The desire of Belarusan government to keep to the free exchange rate in 2013 is quite realistic and is unlikely to meet any confrontation from the President of the country.
This opinion was expressed by the economist Siarhei Chaly to the EuroBelarus Information Service.
He pointed out that Aliaksandr Lukashenka, the President of the country, during one of his latest reports on exchange market provided by the governor of National Bank Nadezhda Ermakova “stated that floating rate of exchange is almost the thing we promised to people and thus had to be observed.” “It means that market exchange rate formation mechanism is understood by the authorities as some political policy and not like a technocratic moment. So it is unlikely that they will abandon it”, –noted the expert.
He emphasized that ruble market rate recession is “absolutely counterproductive”, as it is almost the only tool with the help of which the fight against last economic decline came to be successful.“The more so because the floating rate is a market way to provide the solution of the preservation of gold and foreign currency reserves problem”, - pointed out the interlocutor.
Of course, the implementation of a tough monetary and credit policy will not let the authorities “organize political handout of prizes in the form of pre-election pay rises and so on.” “Because even that slight growth we witnessed this year has put the pressure on the exchange market. It was seen in September-October of this year”, - noted Siarhei Chaly.
According to him, it is the negative experience of the last two months when the authorities had to extinguish the currency panic that will help to refrain from a thoughtless pay rise.
Besides, the promised level of 500 dollars is almost achieved, and according to the words of Aliaksandr Lukashenka this is the last number after which the authorities will not raise wages forcefully.
Siarhei Chaly believes that it was the very September-October negative experience that compelled the authorities to seriously consider export as one of top-priority indices. Let us recall that according to the decree of the Council of Ministers a special Council on export development was established.
“Such attention to export is a reaction on tense situation that appeared on the monetary and exchange markets during the last 2 months, when rate of interest has risen sharply and speculative games against the ruble have started”,-said the interlocutor of EuroBelarus.
According to him the main concern was not so much the export itself as the income of currency to the country. This is proved by the President’s call to return the currency earnings into the country. “Obviously there were some negative trends to create currency speculative positions reckoning its potential growth with regard to the Belarusan ruble,” - Siarhei Chaly assumes.

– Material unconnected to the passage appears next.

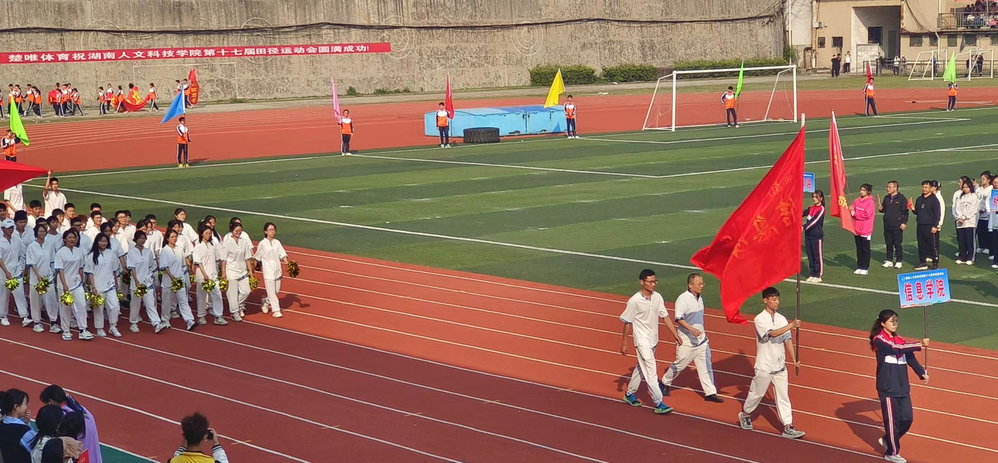 开幕式上,副校长刘建勋对运动会相关工作进行了说明,党委书记刘铁铭对运动会的召开表示热烈祝贺,运动员代表和裁判员代表分别进行宣誓,为确保运动员的后续工作有序进行做出了准备。伴随着运动员进行曲,各院代表队陆续进场接受检阅。迈着铿锵有力的步伐,喊着振奋人心的口号,身着白色运动服的信息学院代表队英姿勃发。他们手持红旗,如矫兔般飞离起点,像利箭般冲向前方,五星红旗迎风飘扬,惊艳四座;接着他们与我院特色“机器人”一起给大家带来了一支活力四射的舞蹈,他们朝气蓬勃,尽显信院人的风貌。

However, he doesn’t believe in veracity of the authorities’ forecast when it comes to the increase of exports next year.“Because the forecasts of all of the expert institutes (International Monetary Fund, the North Bank, Ministry of economic development and trade of the Russian Federation) show that our main foreign economic contractors will be growing by 3,5-4% at best next year. And sure, there is no chance for the expected 15% of the increase of exports to emerge. And it is clear that there will be no economic growth in 15%; it will be of about 3 times as low,”- reckons the economist.
He notes that the only way to stimulate external demand is an artificial constraint of the domestic one. And it was asserted by our economic authorities more than once. This is proved by the last year experience, when steep downfall of the purchasing power led to the 65% rise in export production.
“Notably it means that the task of export rise contradicts the task of improvement of well-being. Thus, as soon as well-being goes beyond a certain level, import demand starts to rise and this in its turn leads to foreign trade statistics let-down”, - outlined the EuroBelarus interlocutor.
According to Siarhei Chaly, the year 2013 and 2012will be very much alike. The overall picture will look approximately like this: stagnation at the level of 2,5-3% of economic growth, nearly even growth in exports and current account deficit in 2-3 million dollars. “And this hole just won’t be covered by any administrative or market measures”, - Siarhei Chaly pointed out.